— Data for the task —
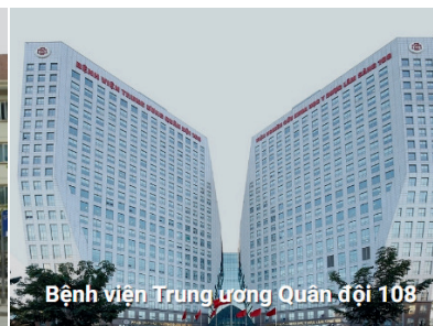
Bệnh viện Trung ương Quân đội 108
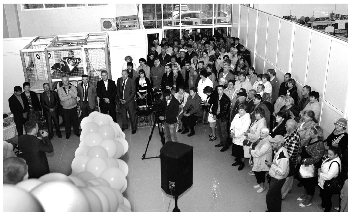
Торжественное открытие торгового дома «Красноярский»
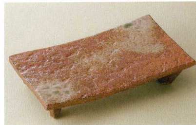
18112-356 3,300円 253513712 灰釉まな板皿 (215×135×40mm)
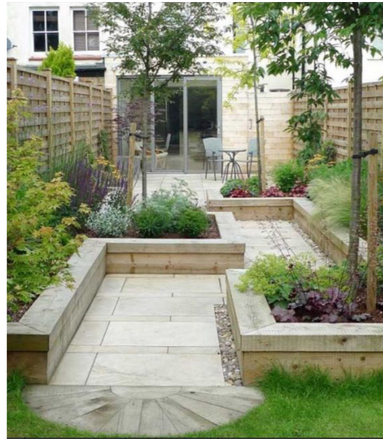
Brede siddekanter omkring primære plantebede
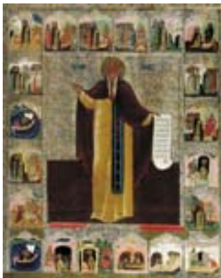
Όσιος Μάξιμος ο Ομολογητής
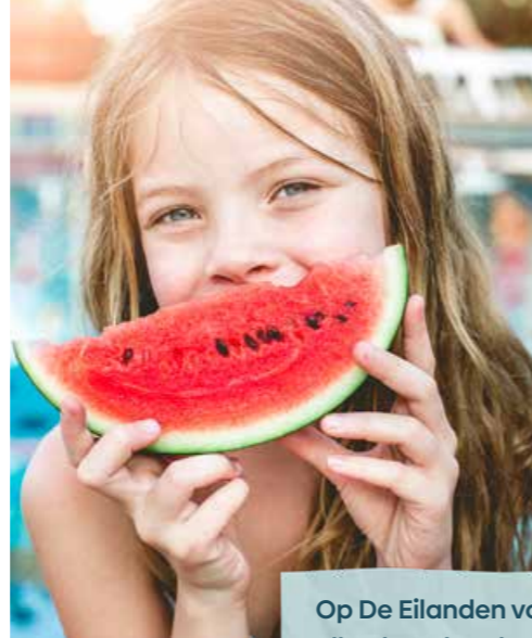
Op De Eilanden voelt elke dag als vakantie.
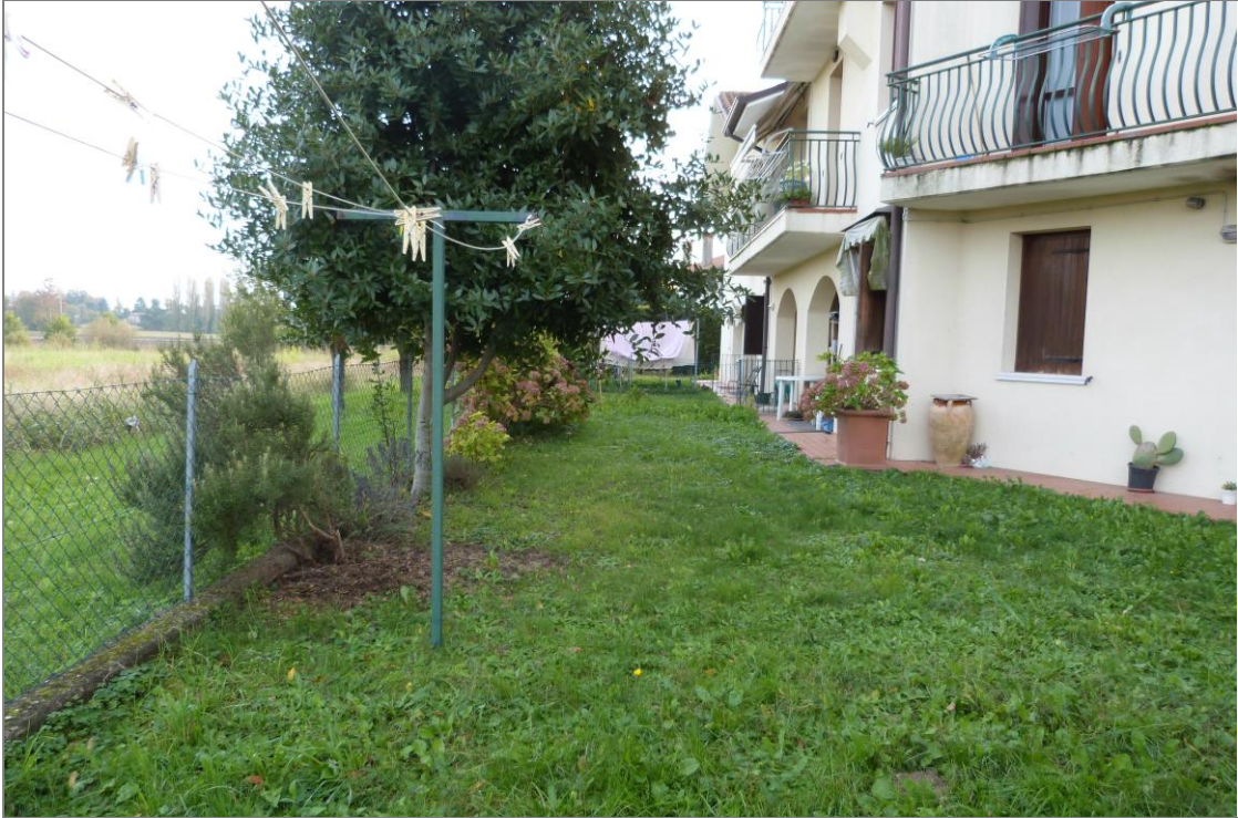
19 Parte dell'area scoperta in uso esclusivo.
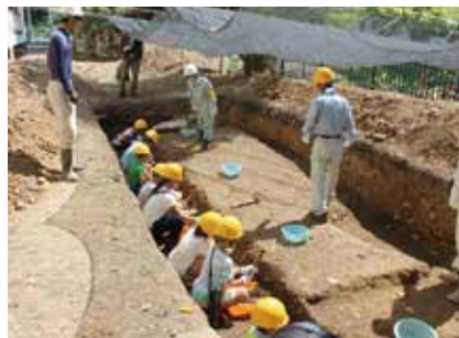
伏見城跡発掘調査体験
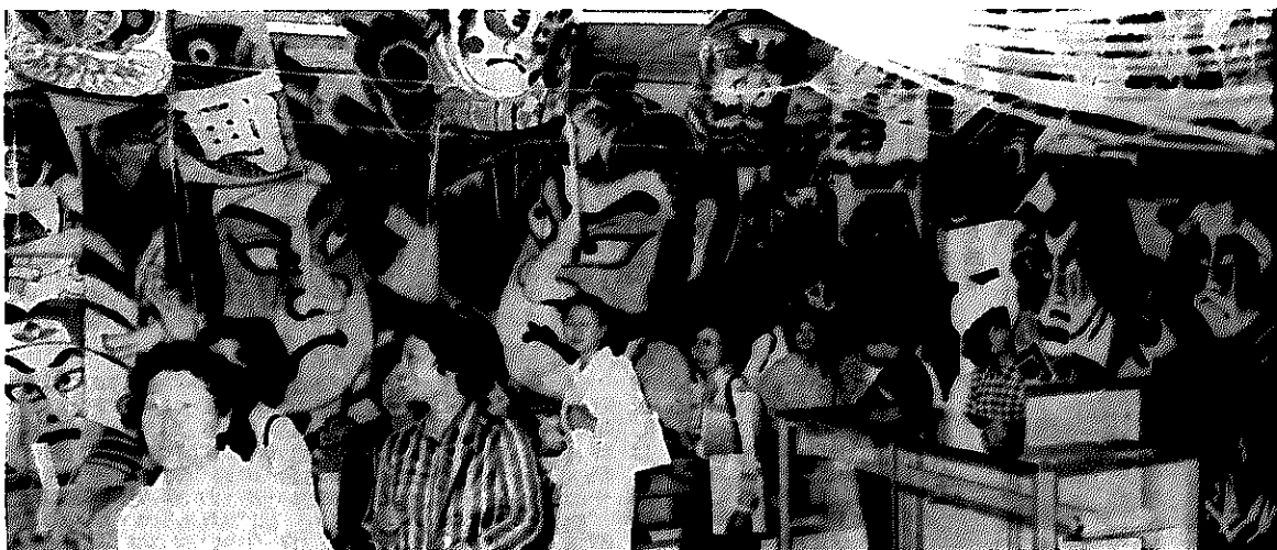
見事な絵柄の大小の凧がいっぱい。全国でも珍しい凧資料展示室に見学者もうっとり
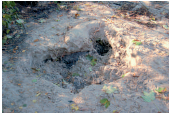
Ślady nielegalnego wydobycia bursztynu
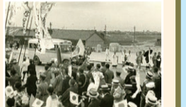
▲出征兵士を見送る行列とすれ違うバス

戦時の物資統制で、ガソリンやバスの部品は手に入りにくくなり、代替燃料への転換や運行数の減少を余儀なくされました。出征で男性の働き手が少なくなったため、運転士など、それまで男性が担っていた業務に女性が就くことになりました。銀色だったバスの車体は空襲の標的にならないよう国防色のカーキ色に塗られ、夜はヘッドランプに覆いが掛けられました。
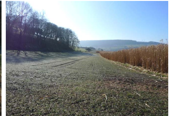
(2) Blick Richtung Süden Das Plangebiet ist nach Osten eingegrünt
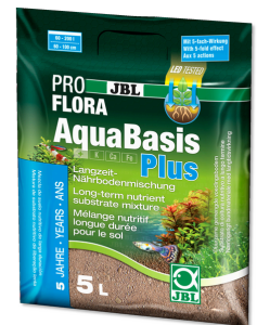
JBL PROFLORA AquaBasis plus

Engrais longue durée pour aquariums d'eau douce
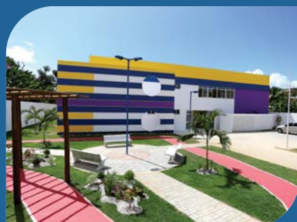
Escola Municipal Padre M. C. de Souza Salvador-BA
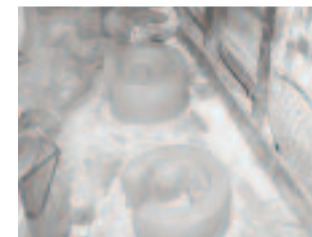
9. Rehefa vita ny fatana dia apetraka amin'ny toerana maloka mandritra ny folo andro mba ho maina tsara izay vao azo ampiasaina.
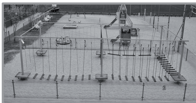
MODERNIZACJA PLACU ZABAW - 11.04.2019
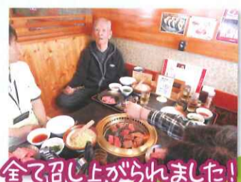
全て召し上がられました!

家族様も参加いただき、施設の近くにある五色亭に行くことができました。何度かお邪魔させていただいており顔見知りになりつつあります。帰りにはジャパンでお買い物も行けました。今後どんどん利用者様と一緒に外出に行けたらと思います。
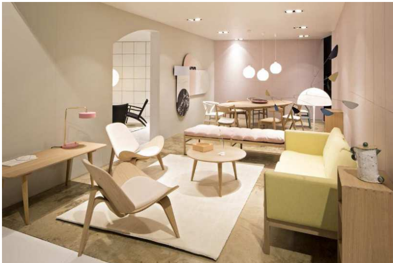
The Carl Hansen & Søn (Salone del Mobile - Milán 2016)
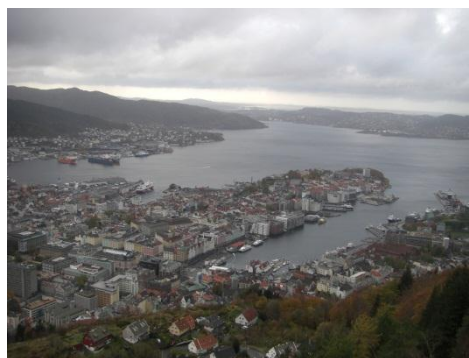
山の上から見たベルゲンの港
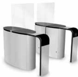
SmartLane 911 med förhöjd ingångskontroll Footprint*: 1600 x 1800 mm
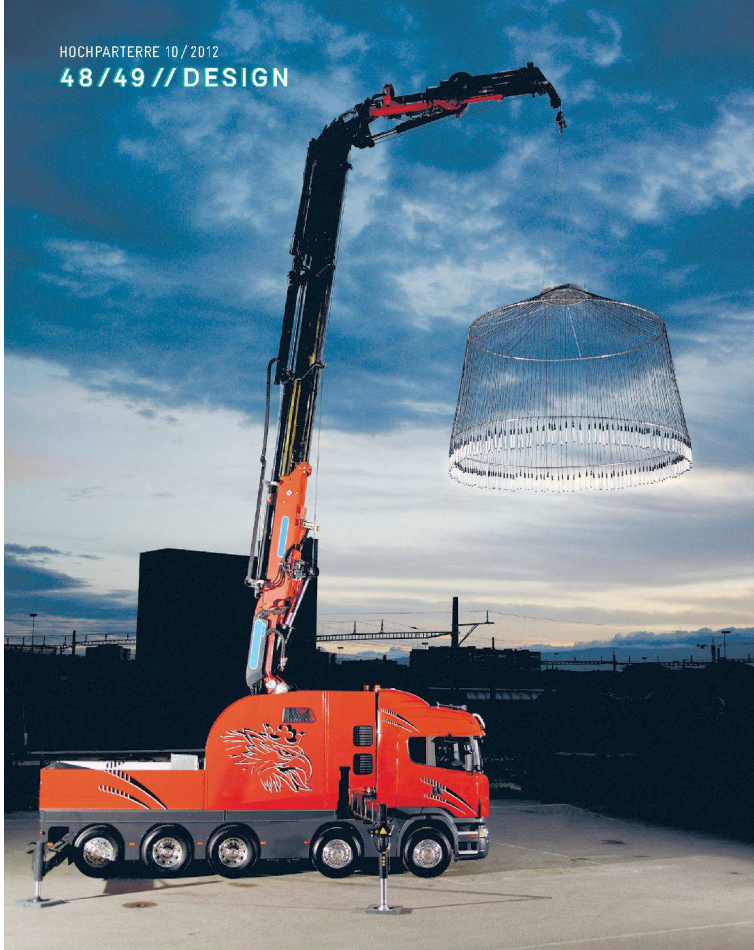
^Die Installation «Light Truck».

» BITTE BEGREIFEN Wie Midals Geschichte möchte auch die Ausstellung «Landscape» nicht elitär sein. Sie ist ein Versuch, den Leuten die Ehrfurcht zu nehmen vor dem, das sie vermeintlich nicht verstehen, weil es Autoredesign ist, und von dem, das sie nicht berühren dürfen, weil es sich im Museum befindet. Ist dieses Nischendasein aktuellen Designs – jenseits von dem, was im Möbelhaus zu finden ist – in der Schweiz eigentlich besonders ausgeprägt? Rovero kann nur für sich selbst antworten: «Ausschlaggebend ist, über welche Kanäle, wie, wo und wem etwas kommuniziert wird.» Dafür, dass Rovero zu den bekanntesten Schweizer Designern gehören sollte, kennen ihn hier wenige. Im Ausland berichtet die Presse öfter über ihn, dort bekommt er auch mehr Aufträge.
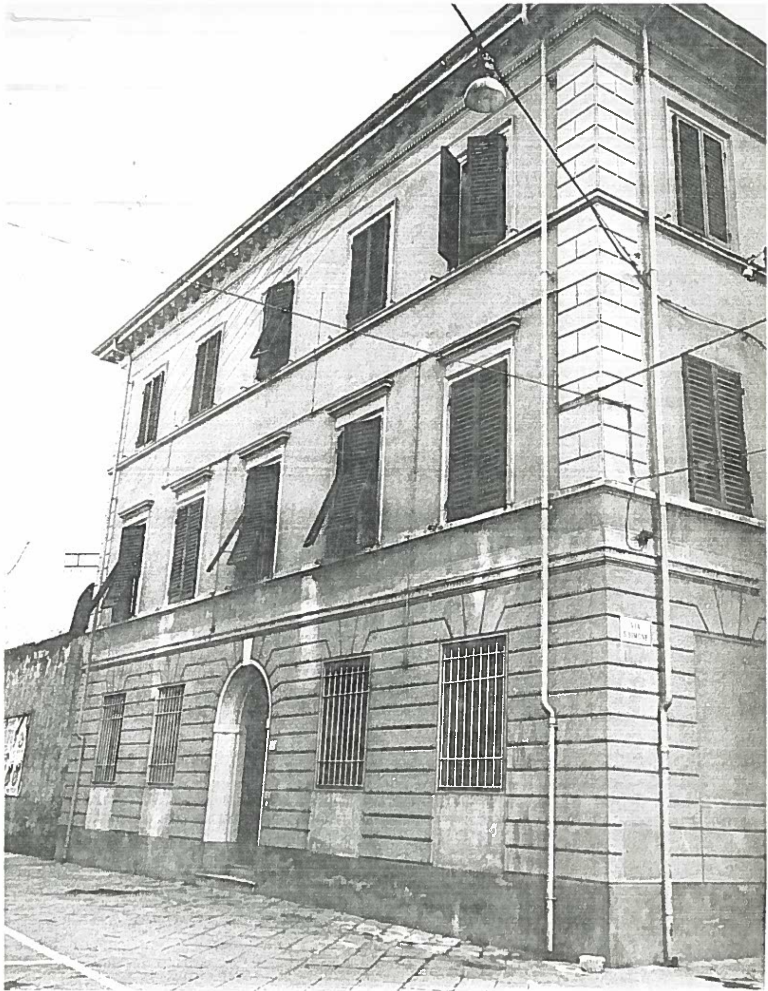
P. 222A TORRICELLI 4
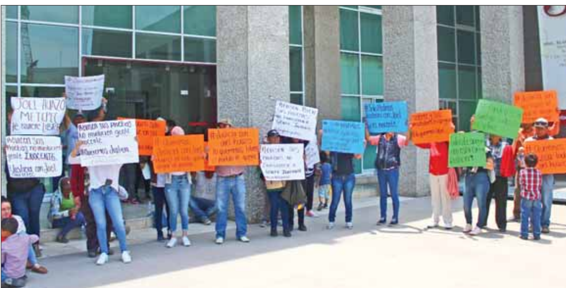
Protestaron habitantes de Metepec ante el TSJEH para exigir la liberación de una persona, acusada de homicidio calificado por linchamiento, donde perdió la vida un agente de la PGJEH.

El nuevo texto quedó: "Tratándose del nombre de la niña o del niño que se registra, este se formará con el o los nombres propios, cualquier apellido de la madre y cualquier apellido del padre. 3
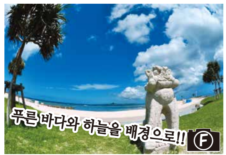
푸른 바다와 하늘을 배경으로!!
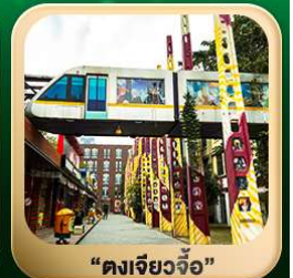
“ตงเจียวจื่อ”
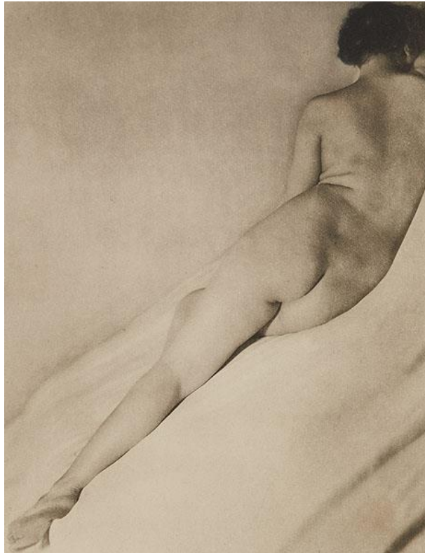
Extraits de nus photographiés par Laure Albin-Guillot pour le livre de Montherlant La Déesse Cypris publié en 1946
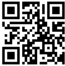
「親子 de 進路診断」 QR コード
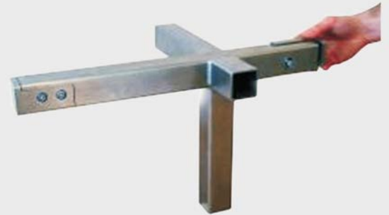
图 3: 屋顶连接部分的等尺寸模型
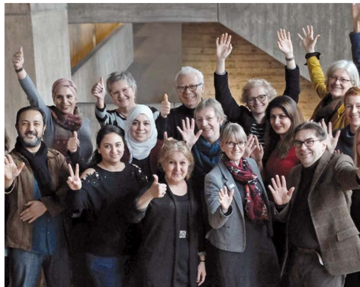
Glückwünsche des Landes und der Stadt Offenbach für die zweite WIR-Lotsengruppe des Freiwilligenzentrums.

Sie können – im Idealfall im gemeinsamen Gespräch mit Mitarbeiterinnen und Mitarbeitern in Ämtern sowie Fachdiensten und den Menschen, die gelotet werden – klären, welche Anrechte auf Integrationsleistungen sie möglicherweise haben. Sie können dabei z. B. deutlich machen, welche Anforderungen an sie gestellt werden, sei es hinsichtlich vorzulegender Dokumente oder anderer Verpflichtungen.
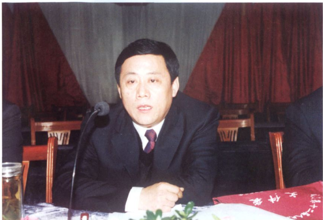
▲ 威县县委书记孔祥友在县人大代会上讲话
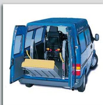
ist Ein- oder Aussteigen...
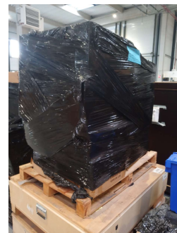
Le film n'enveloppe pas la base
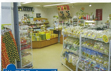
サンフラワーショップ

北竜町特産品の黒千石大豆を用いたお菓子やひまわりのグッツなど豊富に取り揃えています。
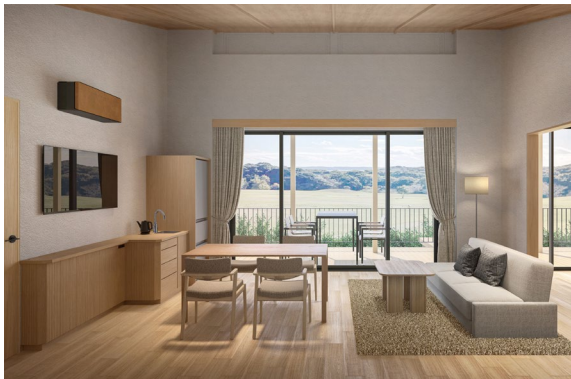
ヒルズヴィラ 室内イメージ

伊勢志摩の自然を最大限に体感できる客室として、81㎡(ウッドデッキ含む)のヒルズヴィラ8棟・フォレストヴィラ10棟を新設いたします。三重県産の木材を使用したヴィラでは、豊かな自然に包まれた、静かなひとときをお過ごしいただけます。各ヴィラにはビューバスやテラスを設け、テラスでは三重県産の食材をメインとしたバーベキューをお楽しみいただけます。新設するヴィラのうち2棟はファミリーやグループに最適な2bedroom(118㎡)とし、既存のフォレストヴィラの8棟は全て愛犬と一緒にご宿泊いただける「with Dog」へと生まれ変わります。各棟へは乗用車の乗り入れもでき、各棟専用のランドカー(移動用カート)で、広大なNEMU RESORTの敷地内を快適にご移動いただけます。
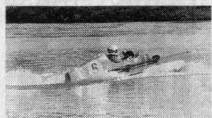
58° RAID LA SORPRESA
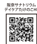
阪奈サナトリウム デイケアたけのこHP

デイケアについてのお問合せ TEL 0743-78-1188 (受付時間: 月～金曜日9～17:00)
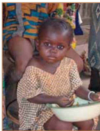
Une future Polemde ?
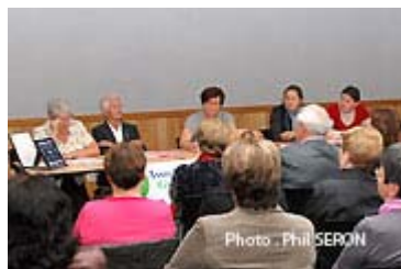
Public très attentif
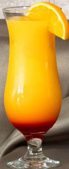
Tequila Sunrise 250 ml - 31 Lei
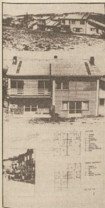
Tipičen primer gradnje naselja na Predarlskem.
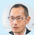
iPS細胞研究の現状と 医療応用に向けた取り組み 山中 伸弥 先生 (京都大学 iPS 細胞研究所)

— Directions —
The lines to reproduce run from the one above containing "Protestaron habitantes de" through the one containing "图 3: 屋顶连接部分的等尺寸模型". Copy them exactly and leave out all pictures.

— Task response —
Protestaron habitantes de Metepec ante el TSJEH para exigir la liberación de una persona, acusada de homicidio calificado por linchamiento, donde perdió la vida un agente de la PGJEH.

El nuevo texto quedó: "Tratándose del nombre de la niña o del niño que se registra, este se formará con el o los nombres propios, cualquier apellido de la madre y cualquier apellido del padre. 3
푸른 바다와 하늘을 배경으로!!
“ตงเจียวจื่อ”
Extraits de nus photographiés par Laure Albin-Guillot pour le livre de Montherlant La Déesse Cypris publié en 1946
「親子 de 進路診断」 QR コード
图 3: 屋顶连接部分的等尺寸模型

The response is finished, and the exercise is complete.